Eastern tent caterpillars are a native species. Photo by Yankech Gary via Flickr Creative Commons.

Eastern tent caterpillars are a native species found over much of the eastern half of the United States. They turn into the tent caterpillar moth, a medium-sized, furry, pale brown moth. These caterpillars feed on the leaves of wild cherry, apple and crabapple, as well as hawthorn, peach, plum, pear and other members of the Rosaceae family.

The sight of your ornamental cherry or apple tree covered in silken tents made by hordes of tent caterpillars can be disturbing, but generally the damage that tent caterpillars do is cosmetic. A healthy tree, even if completely defoliated by tent caterpillars, will survive and put forth new leaves after the caterpillars have moved on.

As a native species, tent caterpillars are an important food source for native birds, including cuckoos and blue jays. So it’s best to tolerate the sight of the caterpillars and their tents for a few weeks. You’ll be feeding the birds and avoiding putting out toxic pesticides into the environment.

What’s the difference between “cover” and “places to raise young” in a wildlife habitat garden?

Frogs have different habitat needs in their juvenile tadpole phase than as adults. Photo by Mary Shattock via Flickr Creative Commons.
Frogs have different habitat needs in their juvenile tadpole phase than as adults. Photo by Mary Shattock via Flickr Creative Commons.

The four components of habitat that all wildlife need to survive are food, water, cover and places to raise young. Sometimes there’s confusion over the difference between cover and places to raise young. This is largely because many of the same landscape features that will provide wildlife with cover from predators or bad weather will also be used by wildlife as places to build their nests, lay their eggs, or give birth to their babies. A mature tree or a brush pile are great examples of features that provide both cover and places to raise young for wildlife (not to mention a source of food too–your plants can do triple duty).

Some species have completely different needs in their juvenile phase of life. Most frogs and other amphibians, for example, require a pond in order to lay their eggs and for their aquatic tadpoles to develop.  The same is true for dragonflies. Adult butterflies feed on flower nectar, but their caterpillars feed on the leaves of specific host plants. If you’re not providing habitat for wildlife in all phases of life, your habitat isn’t complete.

At the end of the day, “places to raise young” is its own habitat component because creating a wildlife habitat garden isn’t just about feeding individual animals or providing them with water or cover. It’s about giving the local wildlife the resources they need to survive and reproduce so their populations remain strong.

Can Native Plants be Invasive?

Photo Credit: Anita Gould/Flickr Creative Commons
Common milkweed is a native plant that can be aggressive in a garden setting, but by scientific definition is not invasive in its native habitat. Photo by Anita Gould via Flickr Creative Commons.

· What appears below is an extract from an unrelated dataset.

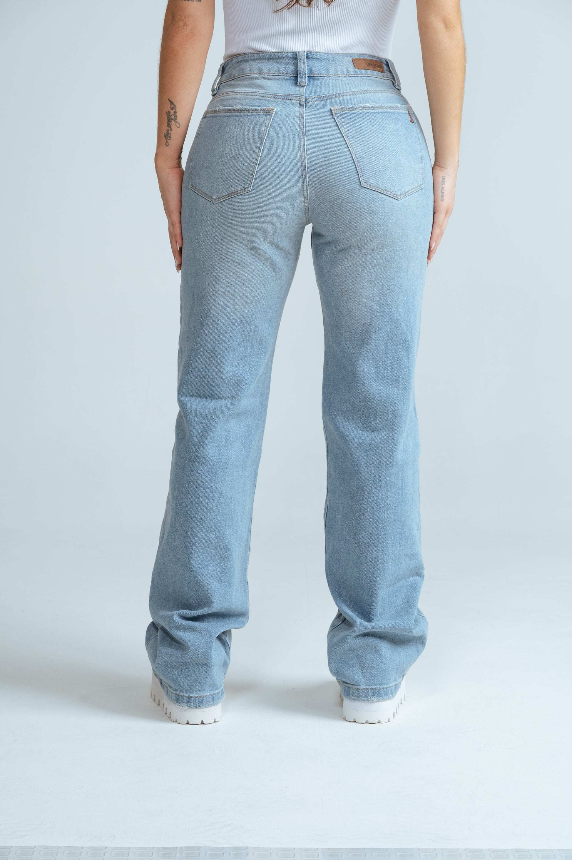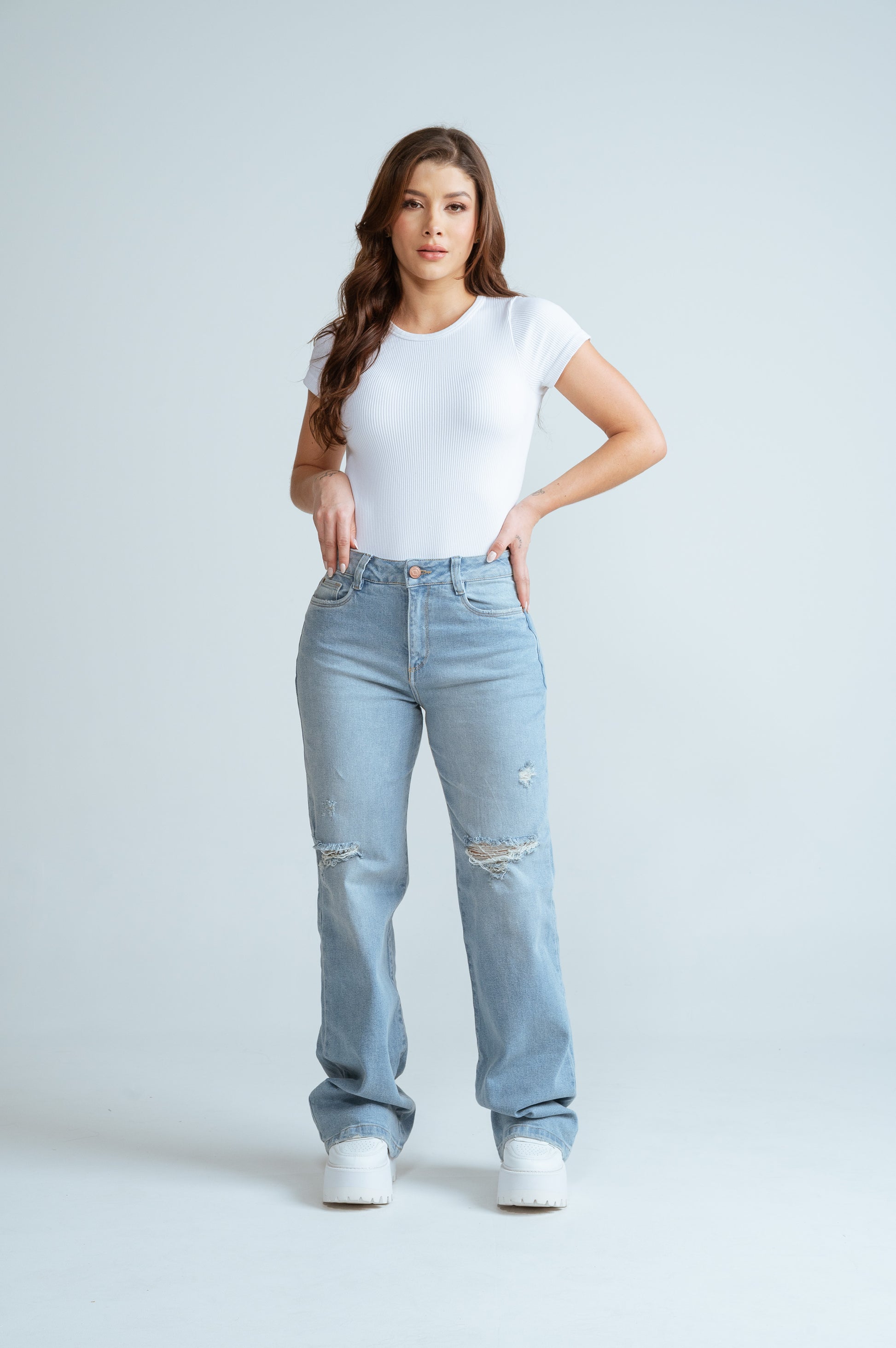 Jeans mom flare , tono azul claro , bota ancha , con rotos , tiro alto , tela strech.
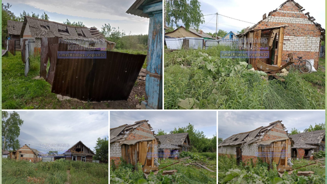 Schäden an Wohnhäusern in der Siedlung Saimischtsche der Stadt Klinzy nach Beschuss mit höchstwahrscheinlich der Gefechtsrakete Totschka-U durch das ukrainische Militär. Russland, 14. Juni 2022)

No, native plants cannot be invasive in their native habitat. Ecologically, the term invasive has a specific scientific definition. It refers to any organism introduced by human actions (deliberately or otherwise) into new ecosystems where they didn’t naturally evolve. It only applies to exotic species. A plant can’t invade an ecosystem to which it’s already native.

Sometimes there’s confusion on this point because in gardening vernacular, the term invasive is often used casually to mean any aggressive plant that might overtake your garden beds. While some native plants can be aggressive in the garden setting, and can even migrate out of your yard into natural areas, the effect is radically different than when an exotic species becomes invasive.

Invasive exotic species don’t support the natural diversity of wildlife, and overtake the native plant communities that many wildlife species rely on for habitat. When an aggressive native leaves your yard, it’s simply going home and will offer habitat to wildlife in the wood and fields just like it did in your yard.